PRF oversight and enforcement actions have been delayed partly because of program complexities and extended reporting timelines. For example, the first report from PRF recipients on use of funds was not due until the end of 2021. Depending on the date funds were received, PRF recipients may have no reporting obligations through 2023. Entities that expended more than $750,000 in federal awards, including PRF payments, also must obtain an independent audit examining their financial statements; internal controls; and compliance with applicable statutes, regulations and program requirements. These independent audits of PRF payments must be submitted to the Federal Audit Clearinghouse, for nonprofit organizations, or the HRSA Division of Financial Integrity, for for-profit “commercial” organizations. Recipients also may be subject to separate audits by HHS, HHS-OIG or the Pandemic Response Accountability Committee to review copies of records and cost documentation and to ensure compliance with the applicable terms and conditions.
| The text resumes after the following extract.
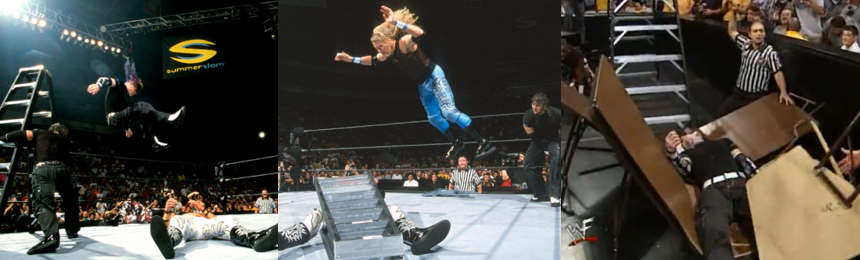 It was Drew McIntyre who came out on top of the predictable melee that followed. He booted and smacked down each man with ease, catapulted Christian face-first into a ladder, but took so long setting the ladder up in the ring that Matt Hardy was able to bash him in the spine and gut with another ladder. Matt then made the first significant climb up the ladder, only to be intercepted by old rival Christian. Matt returned the favour soon after and the two ended up brawling out of the ring, leaving Cody and Kofi to fight over the ladder. After bashing Cody’s face off the ladder, Kofi tried to go for the briefcase, but Dolph Ziggler intercepted him, clambered to the top, and was just seconds away from unhooking the briefcase when Christian interrupted him. The two exchanged blows at the top of the ladder but it was Ziggler who took the big fall to the canvas. There was a bit of a botch afterwards as Matt toppled the ladder and it seemed like Christian was supposed to spill out of the ring and onto the Big Show, but the positioning was off so he simply dropped to the ring and a slugfest broke out between the two, Cody, and Kofi to try and cover for it. Matt and Christian then worked together to counter an attempted double Chokeslam from Kane into a double DDT and then crushed him between two ladders before getting back into it in an exchange that saw Christian counter Matt’s Twist of Fate into a flapjack onto a ladder and then being crushed underfoot. Christian’s next attempt to climb the ladder saw that planned spot finally come to fruition as Cody toppled the ladder and Christian went flying into the Big Show on the outside. Cody, Kofi, and Matt then worked together to subdue Kane with a finisher-fest before McIntyre reinserted himself into the match by pushing Matt and Cody off the ladder and ramming both (and Ziggler) shoulder-first into the ring post, but it was Kane’s timely intervention that kept him from climbing. A baseball slide into a ladder ended Kane’s brief rampage; Kofi then resumed his recent rivalry with McIntyre by laying him out over the announce table with a Trouble in Paradise and then crushing the Sinister Scotsman through the table with a Boom Drop off a ladder!

Finally, DOJ and HHS-OIG have increasingly relied on sophisticated data analytics to drive their healthcare enforcement efforts generally. Now that the first round of reports containing specific PRF data certifications are available to HRSA and HHS-OIG, we expect to see the use of such analytics, in conjunction with all the other available information, in connection with PRF enforcement.

Telehealth

Telehealth use expanded exponentially during the pandemic. A March 2022 HHS-OIG report showed that during the first year of the pandemic, more than 28 million Medicare beneficiaries (approximately 43% of all Medicare beneficiaries) used telehealth services—a “dramatic increase from the prior year” in which only 341,000 beneficiaries used telehealth. This increase was largely the result of HHS temporarily waiving statutory and regulatory requirements related to telehealth to allow Medicare beneficiaries to obtain expanded telehealth services.
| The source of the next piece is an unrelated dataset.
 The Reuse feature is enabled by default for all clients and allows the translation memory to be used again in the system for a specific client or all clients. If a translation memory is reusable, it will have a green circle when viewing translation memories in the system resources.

Telehealth has been at the forefront of DOJ’s healthcare enforcement efforts for years now. For example, DOJ’s 2021 nationwide healthcare enforcement action included criminal charges against dozens of individuals for telehealth fraud schemes involving more than $1.1 billion in alleged loses. The majority of these telehealth enforcement actions to date have involved the use of telehealth to engage in traditional fraud healthcare schemes, such as illegal kickbacks and billing for medically unnecessary services and equipment.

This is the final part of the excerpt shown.